HenrikBengtsson / future

:rocket: R package: future: Unified Parallel and Distributed Processing in R for Everyone
https://future.futureverse.org
957 stars 83 forks source link

interruptible calls to value and resolved #214

Closed rubenarslan closed 6 years ago

rubenarslan commented 6 years ago

I frequently find myself having to restart an Rstudio session, because resolved or value don't return (don't seem to ever return). I understand why value does not return if the future isn't finished, but I thought resolved would always return immediately. Once this happens, Esc and the stop button in Rstudio don't help, only force-quitting R. I haven't yet been able to isolate why this works sometimes and not others. These are usually implicit futures with a nested topology: list(remote, multicore).

Is this a known problem or would a reproducible example help?

HenrikBengtsson commented 6 years ago

Hi. Hard to say what's going on without a reproducible example and other details. For instance, it may be that the master R process is busy retrieving a large amount of data from one of the R workers. See also if you can reproduce this in a plain R session outside of RStudio - could be an RStudio thing.

HenrikBengtsson commented 6 years ago

... and yes, resolved() should be non-blocking and return momentarily with either FALSE or TRUE.

rubenarslan commented 6 years ago

Can you help me make reproducible examples for these problems? Obviously, it's a bit harder since it involves private servers... I don't know what you'd need to know about my server's setups etc.

Like I said, this doesn't always happen. Just now, I tried to send a job to one computation server (without an error message, no R process was ever spawned when viewed via top on the server). When I tried accessing the future's value, R hung and I had to force-quit. It seems unlikely that a huge amount of data was being transmitted, since this was right after job submission and the data isn't huge. After this, I restarted R. Trying to call login <- tweak(remote, workers = rep("arslan@arc-srv-cpt7.mpib-berlin.mpg.de", 1), persistent = FALSE); plan(login) led to this error message

Error: Internal error: Unexpected result retrieved for ClusterFuture future (‘’): ‘NA’
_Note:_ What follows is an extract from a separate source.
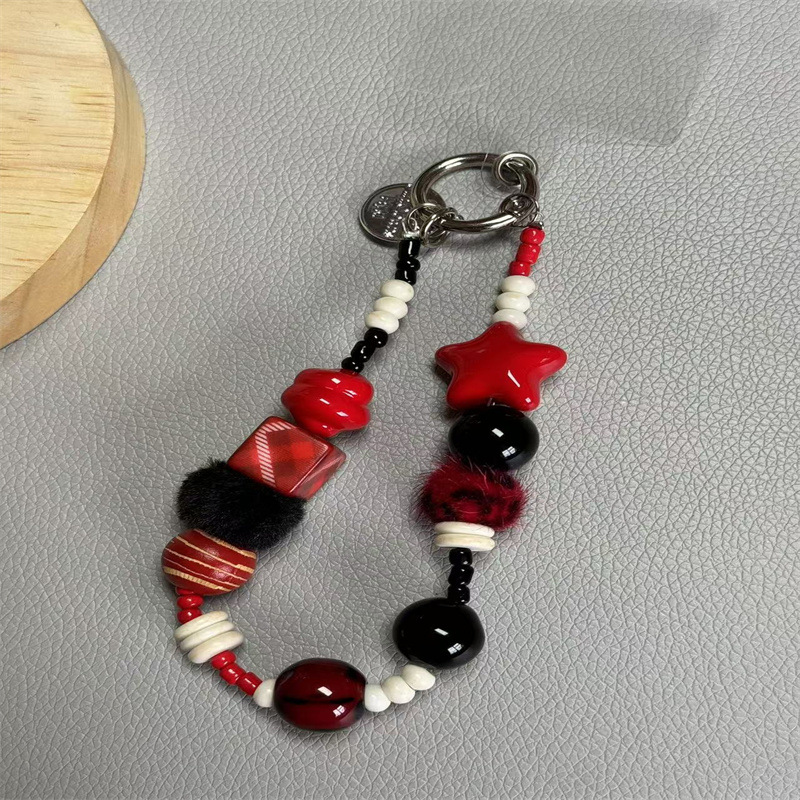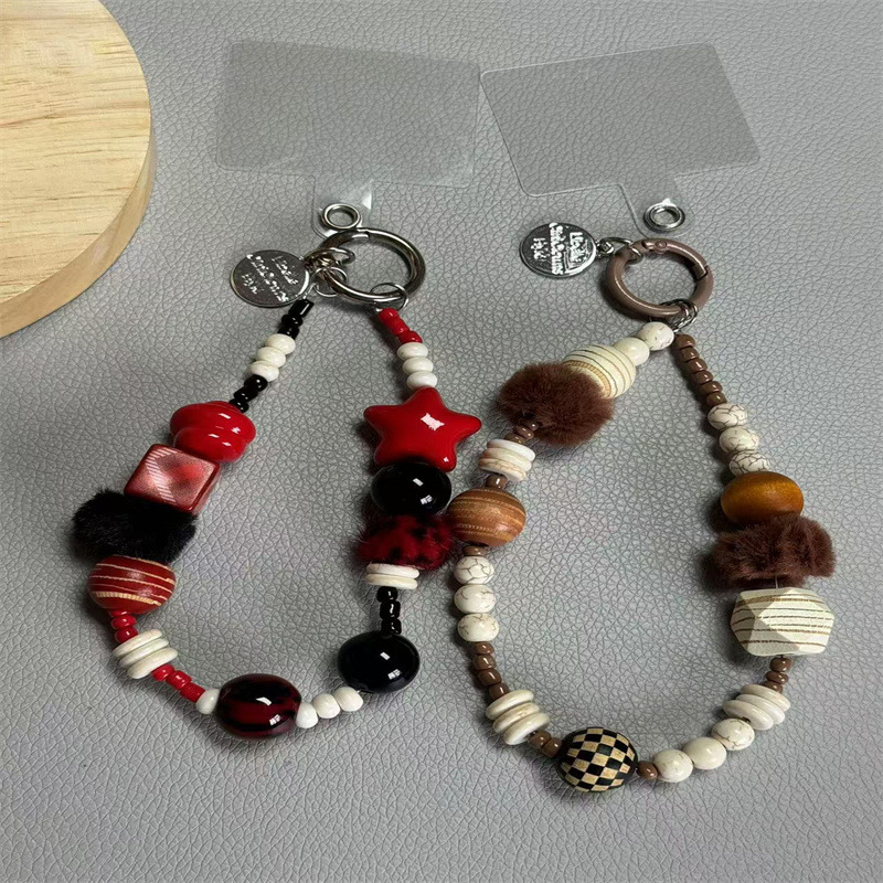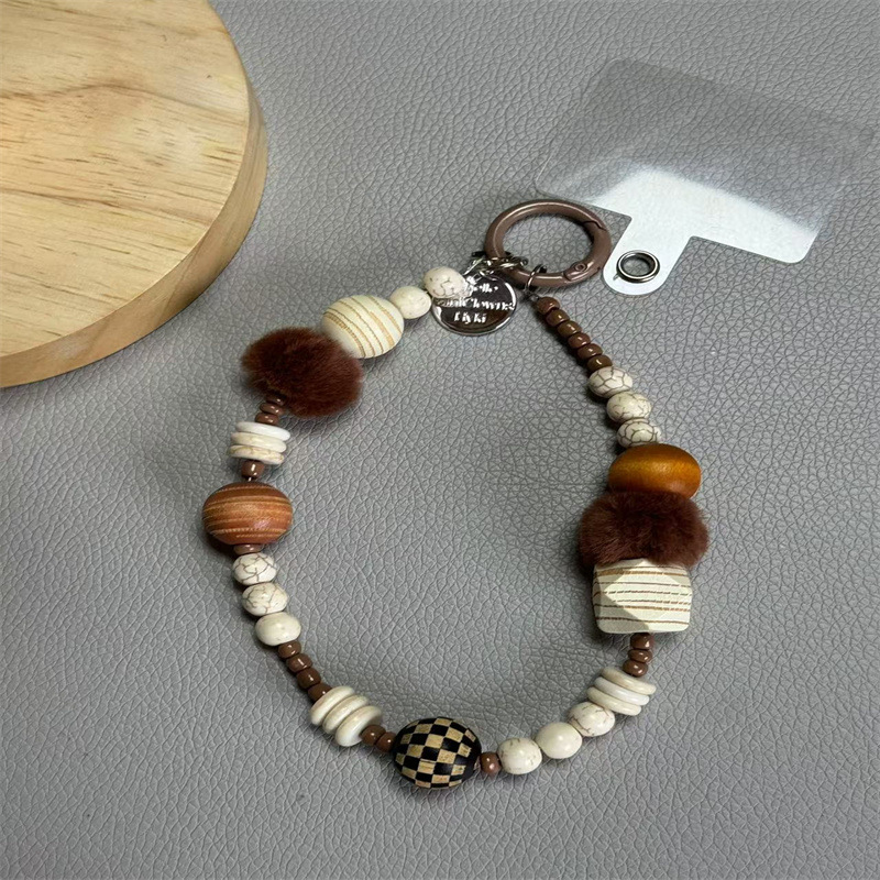 • 격자 무늬 비즈 플러시 행잉 체인 + 카드

The second server is from what I can tell identical in setup to another, for which it worked immediately. I can ssh in and run R on both, same R version etc, except the first one (with the error) runs Ubuntu 16, the other 14.

HenrikBengtsson commented 6 years ago

Before anything else, for:

Error: Internal error: Unexpected result retrieved for ClusterFuture future (‘’): ‘NA’

see Issue #215

rubenarslan commented 6 years ago

Ok, so this was a version mismatch (1.7.0 vs. 1.8.0). I'm not 100% sure that the new version was already loaded before the restart after the hang. I'll see if it recurs.

HenrikBengtsson commented 6 years ago

Thanks for the follow up. Yes, running with new future 1.8.0 on master and future (< 1.8.0) on workers will cause problems and non-informative error messages like what you've seen. It could also be that it explains the silent "stalls" you're observing. Not detecting that future is not installed or is outdated on the workers is an oversight by me in the future 1.8.0 release - I'll improve this in the next release (Issue #216).

HenrikBengtsson commented 6 years ago

UPDATE: I stumbled upon a similar "non-responsiveness" in futures that occurred when the worker didn't have the future package installed. I could reproduce it, I added a test, and fixed it in commit 634729e. Later I added code to detect when the future package was missing resulting in an early and nicer error being signaled. Both layers of protection helps avoid this non-responsiveness of workers.

Hopefully, these updates helps in your case as well. To test the new code, use:

remotes::install_github('HenrikBengtsson/future@develop')

I'm closing this issue, but please feel free to reopen if the new code is not helping.